Donald Rumsfeld fires back at George H.W. Bush's "arrogant" diss -- by calling the ex-president an old fart

The elder Bush blames Rumsfeld and Dick Cheney for America's hawkish turn post 9/11 in new biography

By Sophia Tesfaye

Senior Politics Editor

Published November 5, 2015 6:26PM (EST)

Donald Rumsfeld, Dick Cheney             (Reuters/Kevin Lamarque)
Donald Rumsfeld, Dick Cheney (Reuters/Kevin Lamarque)

Donald Rumsfeld reacted to George H.W. Bush blaming him and Dick Cheney for damaging the nation with their hawkish policies by making a gratuitous swipe at the former president's old age.

Bush Sr. reportedly called Rumsfeld “an arrogant fellow," according to excerpts from a new biography, “Destiny And Power: The American Odyssey Of George Herbert Walker Bush.”

“I don’t like what he did, and I think it hurt the President," the 41st president said of Rumsfeld's impact during his son's presidential tenure.

Responding to Bush's dig today, Rumsfeld -- himself 83 years old -- took a swipe at the elder Bush's age to discredit his newly reported critiques.

“Bush 41 is getting up in years and misjudges Bush 43, who I found made his own decisions," Rumsfeld told NBC News. Bush recently celebrated his 91st birthday:

Of course, the contentious relationship between Bush 41 and Rumsfeld is hardly new. Rumsfeld, a longtime nemesis of Bush, admitted that he was "amazed" when his son asked him to join his administration in his 2011 memoir "Known and Unknown."

"The circumstances surrounding George H.W. Bush's nomination to be director of the CIA is a particularly stubborn chapter of the myth that I had stage-managed Ford's staff reorganization," Rumsfeld wrote of Bush 41.

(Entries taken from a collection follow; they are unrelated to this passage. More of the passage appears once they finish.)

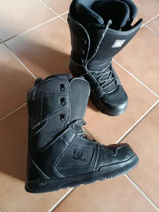 Botas de snowboard DC Shoes en talla 44. - Color negro. - Cierre con cordones. - Diseño robusto y cómodo. Se han usado media temporada porque me quedan grandes.
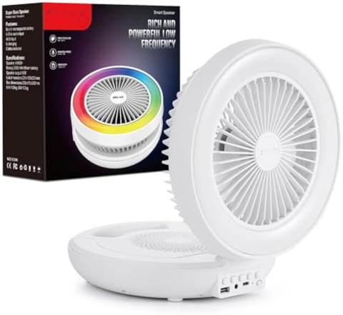 ลำโพงบลูทูธไร้สายแบบพกพาที่ทันสมัยพร้อมไฟกลางคืน LED พัดลมชาร์จไฟได้สวิตช์ควบคุมระยะไกล
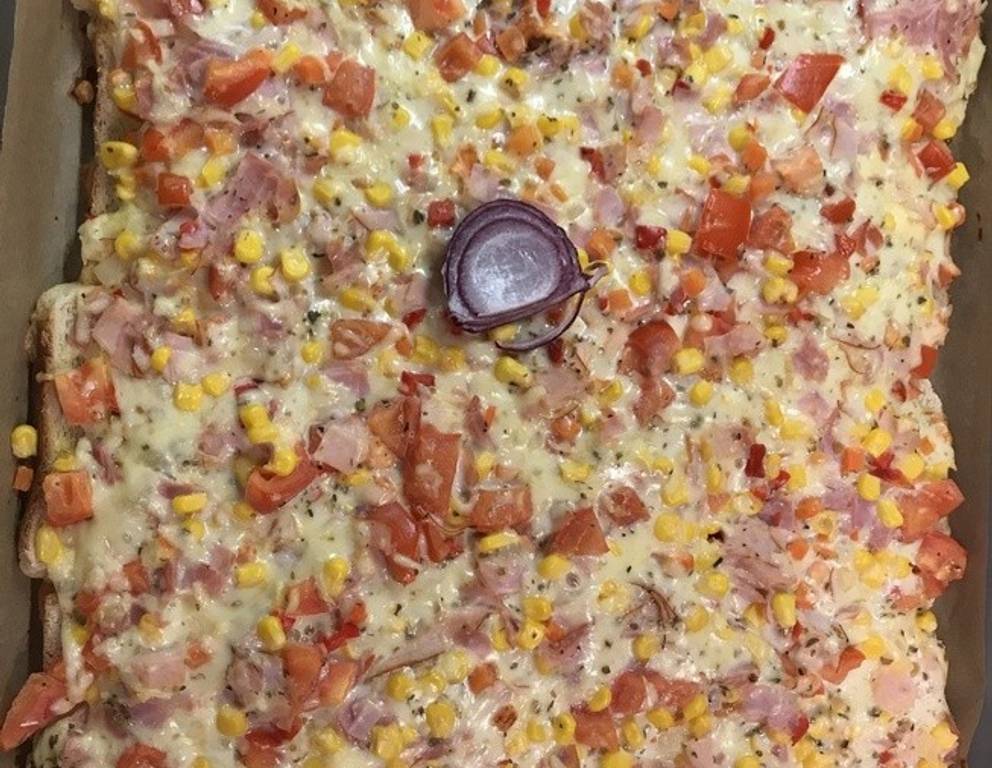- Mais, Tomaten, Zwiebel, Schinken und Käse gut unterrühren Salz und Oregano untermischen. Toastbrotscheiben dicht nebeneinander auf ein Backblech legen. Die Eier-Mischung darüber verteilen und das Schinken-Mais-Pizzasandwich im Ofen bei 180 °C Ober-/Unterhitze ca. 15 Minuten backen.
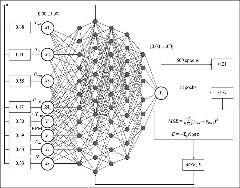 Разработанные для безразборного интеллектуального диагностирования НС представляют собой отдельные многослойные модели, где на входе используются функциональные диагностические параметры работы агрегата, а на выходе формируется параметр оценки его общего технического состояния. На основе поступающей информации формируется база данных параметров работы КП, которая в дальнейшем преобразуется в значения входного слоя НС.
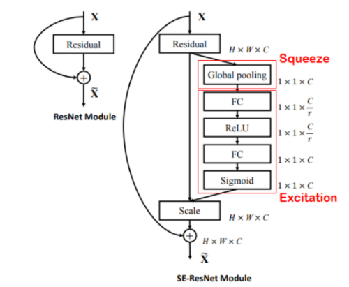 SENet을 잠시 살펴보면 피쳐맵에서 채널 간 가중치를 계산하여 이 가중치를 피쳐맵에 element-wise로 곱합니다.
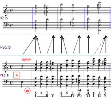 ACORDE ESTRUCTURAL: ACORDE que adquiere una relevancia especial dentro del NIVEL DE SÍNTESIS en que se analice como consecuencia de su situación métrica y formal. Estos acordes deben ser capaces de aglutinar y explicar aquellos otros del nivel anterior, llamados ACORDES SUBORDINADOS, a los que sintetizan.  Constituyen el soporte de las NOTAS ESTRUCTURALES que correspondan a ese nivel analítico. Los acordes estructurales se señalan con una flecha vertical y el resto con otro tipo de flechas como muestra el ejemplo.
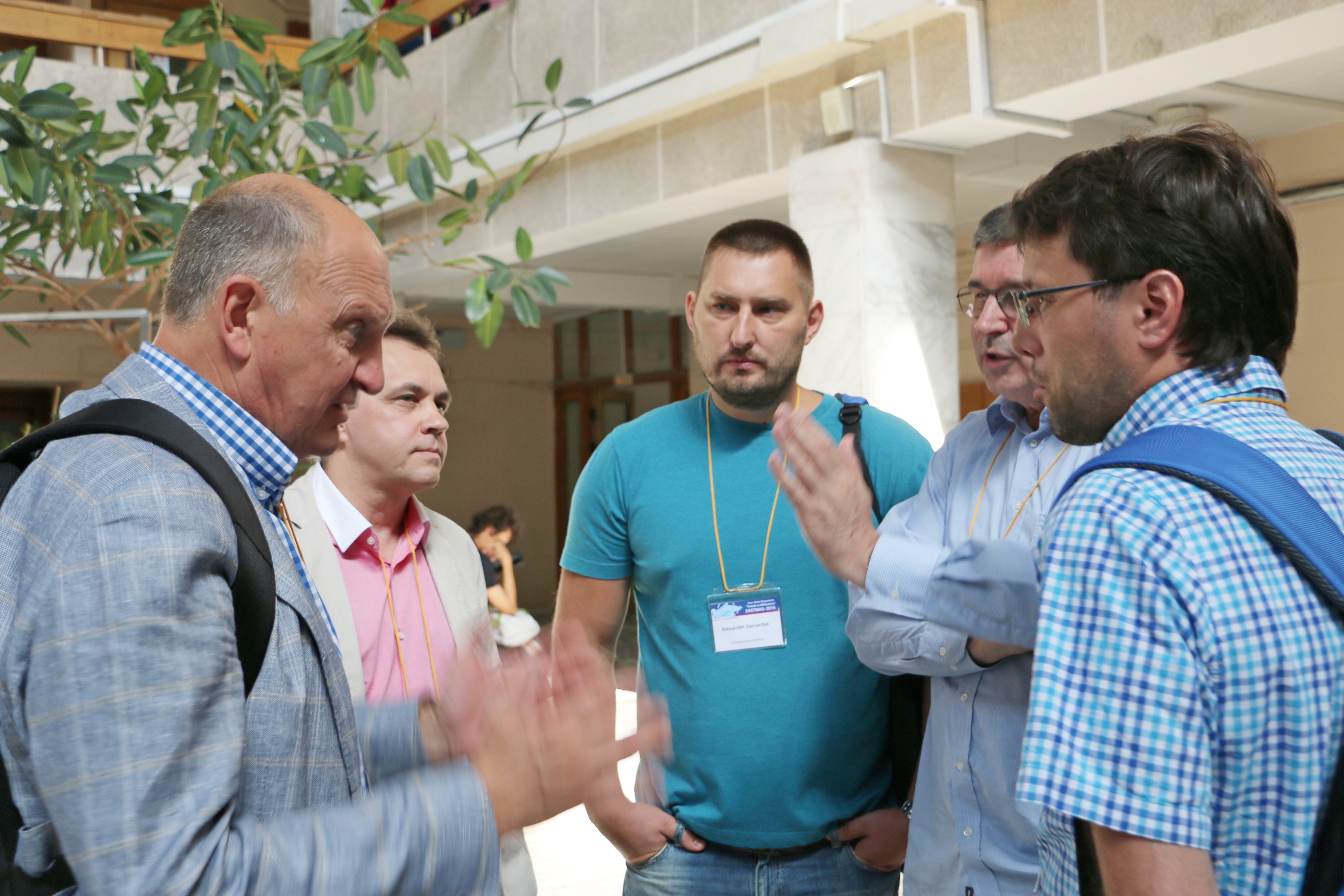 Участники Евро-Азиатского симпозиума "Прогресс в магнетизме" (EASTMAG-2016), организованного и проведенного в Красноярске. Во время перерыва заседания, слева направо: С.А. Никитов, Н.В. Волков, А. Самардак, А.А. Саранин. Красноярск. Конгресс-холл Сибирского федерального университета (СФУ), август 2016 года.
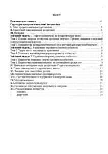 The curriculum program on the discipline "Pedagogy of Creativity" is the normative document of the Boris Grinchenko Kyiv University, which is developed on the basis of an educational and professional program of preparation of master's degree in accordance with the curriculum of the specialty 8.180110021 "Pedagogy of the Higher School" of full-time education.
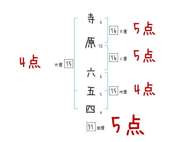 天運![]() | 寺原六五四さんの天運は16画の5つ星!人望が厚く大きく発展する。逆転成功が見える。 家系が持つ宿命的な運勢を表します。祖先から受け継いだ苗字ですので自分の力が及びません。家柄を象徴します。 |
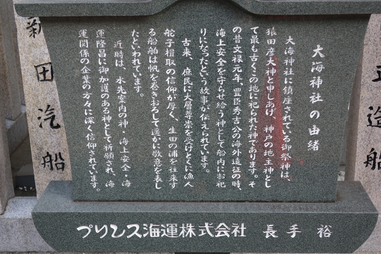 生田神社の楼門の前にある弐と参の鳥居の間にある2つある社の西側が大海神社です。港町神戸らしく、猿田彦命を祀る神社は海上安全の神様として信仰が厚く、海運関係の会社が多く寄進しています。小さな社ですが、名だたる会社が並んでいるので、ある意味見物です。
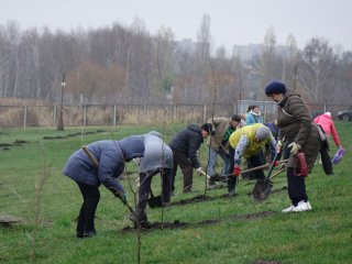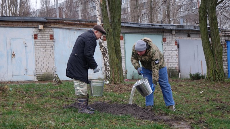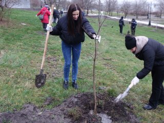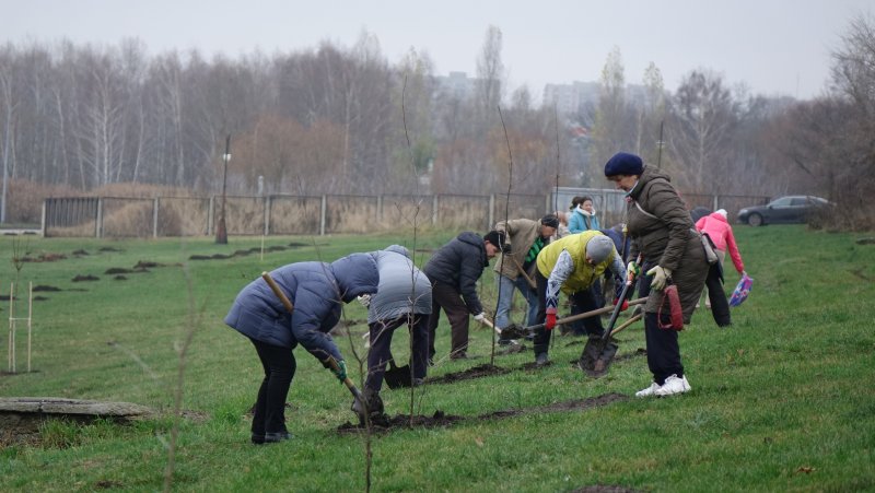 Мэр Курчатова Курской области Игорь Корпунков вместе с курчатовцами заложил дубраву на Городской Набережной.

"I was kind of disappointed in him," he explained during an ABC News interview at the time. "He decided he wanted to leave people with the impression that he didn't want to go to the CIA. And that someone made him go there. And it was probably Rumsfeld or something."

"By repeating the myth instead of setting the record straight, Bush in effect endorsed it," Rumsfeld wrote in his memoir.

For his part, Bush Sr. also admitted to a rocky relationship with Rumsfeld in his new biography. “I’ve never been that close to him anyway,” Bush explained. “There’s a lack of humility, a lack of seeing what the other guy thinks. He’s more kick ass and take names, take numbers. I think he paid a price for that. Rumsfeld was an arrogant fellow.”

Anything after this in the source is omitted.